Tergantung pembandingnya! Sangat besar jika kita bandingkan dengan manusia
biasa. Sangat kecil jika dibandingkan Tuhan pencipta semesta. Perbedaan sikap
Saul dan Daud saat menghadapi raksasa Goliat menunjukkan dengan jelas hal itu.
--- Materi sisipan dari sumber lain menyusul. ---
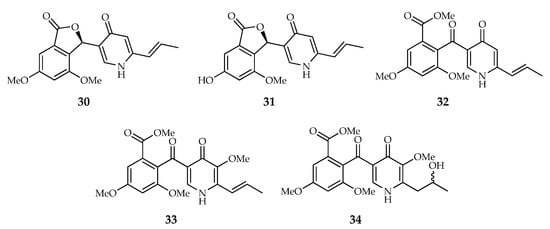 This series includes compounds containing a γ-pyridone moiety. The molecular structures of penicidone A and B (30,31) are characterized by the presence of an α-resorcylic acid moiety linked through a ketone group to a γ-pyridone, whereas penicidone C, D and talarodone A (32–34) contain the typical 4,6-dimethoxyphthalide moiety of vermistatin replacing the α-resorcylic acid nucleus (Figure 5). Nevertheless, Murakami et al. [18] represented penicidone D (33) in γ-pyridol form, instead of γ-pyridone form.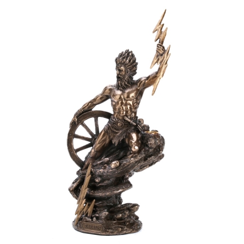 TARANIS CELTIC GOD OF THUNDER BACKFLO in resin with patina in bronze finish. Measurements: 12 x 9 x 25 cm Weight: 840g Brand : Veronese

Saul dan segenap orang Israel menjadi cemas dan ketakutan saat ditantang Goliat
(ayat 11). Sebaliknya, Daud begitu berani menghadapi Goliat ( ayat 45). Mengapa
Saul menjadi sedemikian takut? Karena dia membandingkan raksasa itu dengan
kekuatannya sendiri yang jauh dibawahnya. Daud berani menghadapi Goliat karena
dia membandingkan raksasa itu dengan Allah yang menyertainya (ayat 46).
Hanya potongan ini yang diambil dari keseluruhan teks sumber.